● Action item: Pictures stay out of your copy, but everything else in the records below must be repeated exactly.
-- Opening Marker --
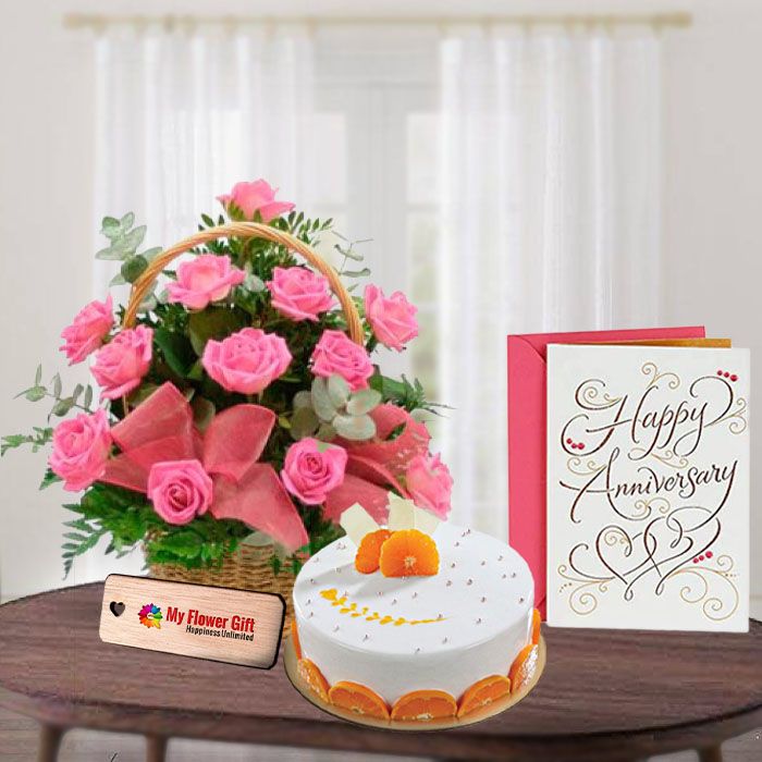Celebrate your anniversary in style with this stunning basket arrangement of 10 pink roses and a delicious half kg orange cake. The perfect way to show your loved one how much you care, this gift also comes with a beautiful anniversary card.
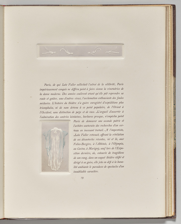 Combining decorative elements with figurative art, this gypsograph shows a woman in a classical pose with hands raised to her head, reflecting Art Nouveau sensibilities.
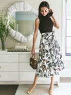 - Fit-and-flare, mock neck midi dress with a ponte bodice and woven skirt with side seam pockets.
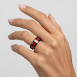 Marcante, moderno e cheio de personalidade, o Anel em Aço de Tungsténio destaca-se pelo contraste intenso entre o preto profundo e o vermelho vibrante. Esta combinação cria um visual contemporâneo e arrojado, perfeito para quem procura um acessório que una elegância, força e estilo.
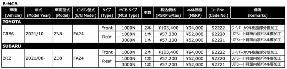 「B-MCB」は、「Motion Control Beam」によるボディ変形の抑制と乗り心地の快適性向上に加え、1台ずつ装着位置や効果の検証を行い、車種毎に専用開発された取り付けブラケット、取付説明書等が付属する車種別専用品です。
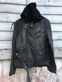 Distressed Denim - In The Attic Hybrid Hooded Distressed Denim Jacket
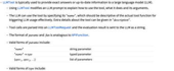 - Using LLMTool modifies an LLM prompt to explain how to use the tool, what it does and its arguments.
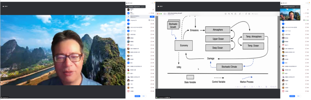 7月5日上午,美国俄亥俄州立大学蔡拥阳教授作了主题为“Integrated Assessment Models and Uncertainty”的特邀讲座,主要讲解了不同综合评估模型中对于不确定性的处理方法。不确定性在气候和经济系统中广泛存在,包括参数不确定性、模型不确定性、气候临界点和经济风险,蔡教授针对综合评估模型中的不确定性问题提供了解决方案。讲座通俗易懂、学术性高,营员们与蔡教授进行了热烈的讨论。
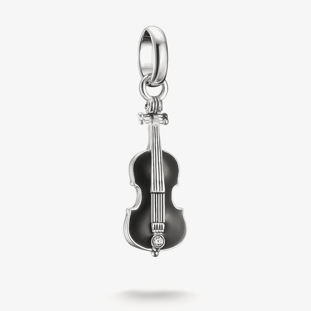 The Thomas Sabo Charm Club Connect Wednesday Cello Charm captures the iconic cello played by Wednesday Addams, crafted from recycled sterling silver with a blackened finish, with black enamel detailing. A sparkling white cubic zirconia at the base of the cello adds a touch of elegance. Perfect for fans of Wednesday and gothic style, this charm is compatible with Charm Club Connect jewellery only, making it a unique and thoughtful gift.
-- Closing Marker --
● Your response:
Celebrate your anniversary in style with this stunning basket arrangement of 10 pink roses and a delicious half kg orange cake. The perfect way to show your loved one how much you care, this gift also comes with a beautiful anniversary card.
 Combining decorative elements with figurative art, this gypsograph shows a woman in a classical pose with hands raised to her head, reflecting Art Nouveau sensibilities.
 - Fit-and-flare, mock neck midi dress with a ponte bodice and woven skirt with side seam pockets.
 Marcante, moderno e cheio de personalidade, o Anel em Aço de Tungsténio destaca-se pelo contraste intenso entre o preto profundo e o vermelho vibrante. Esta combinação cria um visual contemporâneo e arrojado, perfeito para quem procura um acessório que una elegância, força e estilo.
 「B-MCB」は、「Motion Control Beam」によるボディ変形の抑制と乗り心地の快適性向上に加え、1台ずつ装着位置や効果の検証を行い、車種毎に専用開発された取り付けブラケット、取付説明書等が付属する車種別専用品です。
 Distressed Denim - In The Attic Hybrid Hooded Distressed Denim Jacket
 - Using LLMTool modifies an LLM prompt to explain how to use the tool, what it does and its arguments.
 7月5日上午,美国俄亥俄州立大学蔡拥阳教授作了主题为“Integrated Assessment Models and Uncertainty”的特邀讲座,主要讲解了不同综合评估模型中对于不确定性的处理方法。不确定性在气候和经济系统中广泛存在,包括参数不确定性、模型不确定性、气候临界点和经济风险,蔡教授针对综合评估模型中的不确定性问题提供了解决方案。讲座通俗易懂、学术性高,营员们与蔡教授进行了热烈的讨论。
 The Thomas Sabo Charm Club Connect Wednesday Cello Charm captures the iconic cello played by Wednesday Addams, crafted from recycled sterling silver with a blackened finish, with black enamel detailing. A sparkling white cubic zirconia at the base of the cello adds a touch of elegance. Perfect for fans of Wednesday and gothic style, this charm is compatible with Charm Club Connect jewellery only, making it a unique and thoughtful gift.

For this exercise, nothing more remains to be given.